Floorcloths or "Oylcloths" are first mentioned in Britain in the beginning of
the eighteenth century. They were painted by humble housepainters and often
offered in the classical designs used for marble floors by the fashionable
architects of the day.
Originally hand painted and stenciled, by the middle of the 18th century
floorcloths began to be printed with hand held wooden blocks. The trade had
become a proper industry with factories springing up in ports such as Dundee and
Bristol as well as London, where the looms used for the weaving of sail cloth
were also used to weave the great widths necessary to cover a large floor
without any seams.
In colonial times, for those who were not able, or did not choose, to import
their carpets, there were several alternate solutions, the most attractive of
which were floorcloths. Floorcloth's were made of canvas cloth, sail cloth or
some other sturdy cloth covered with several coats of paint for durability.
The apogee of floorcloth manufacture was perhaps around the turn of the 18th
and 19th centuries, when many great houses ordered floorcloths for their
entrance halls.
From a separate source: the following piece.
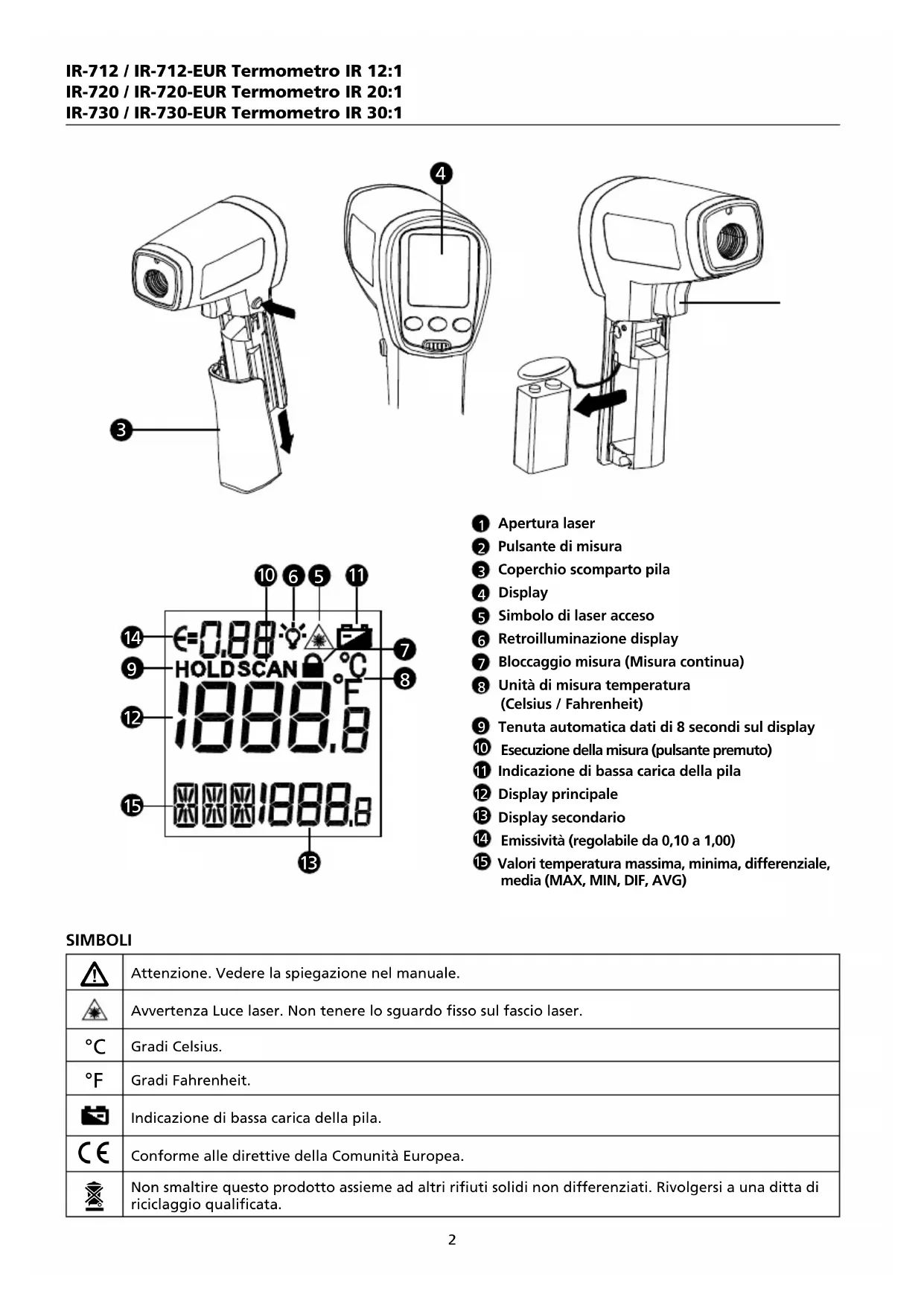 Attenzione. Vedere la spiegazione nel manuale.Avvertenza Luce laser. Non tenere lo sguardo fisso sul fascio laser. Gradi Celsius. Gradi Fahrenheit.Indicazione di bassa carica della pila. Conforme alle direttive della Comunità Europea. Non smaltire questo prodotto assieme ad altri rifiuti solidi non differenziati. Rivolgersi a una ditta di riciclaggio qualificata. IR-712 / IR-712-EUR Termometro IR 12:1 IR-720 / IR-720-EUR Termometro IR 20:1 IR-730 / IR-730-EUR Termometro IR 30:1

At this time companies such as SMITH and BABER of Knightsbridge
did a considerable trade not only in Britain but also abroad, particularly to
America. Although there soon sprung up an American Floorcloth industry to rival
the British, floorcloths continued to be imported to America such as the rare
example still preserved in situ in Natchez, Mississippi, imported in 1849.
The trade continued to flourish throughout the 18th century but the patenting of
linoleum by Frederick Walton in 1860 proved to be a blow from which the industry
was never to recover.
This once flourishing industry has been all but forgotten, mainly because so few
examples have survived. In Britain there are only fragments preserved at Calke
Abbey. American floorcloths survive not only in Natchez but in Colonial
Williamsburg. Perhaps the oldest cloth surviving in situ is the charming
floorcloth in the Swedish Royal Palace of Tullgarn, dating from 1800. This cloth
is not factory manufactured but painted as a one-off. Its existance suggests
that perhaps other cloths were also painted for European palaces at this period.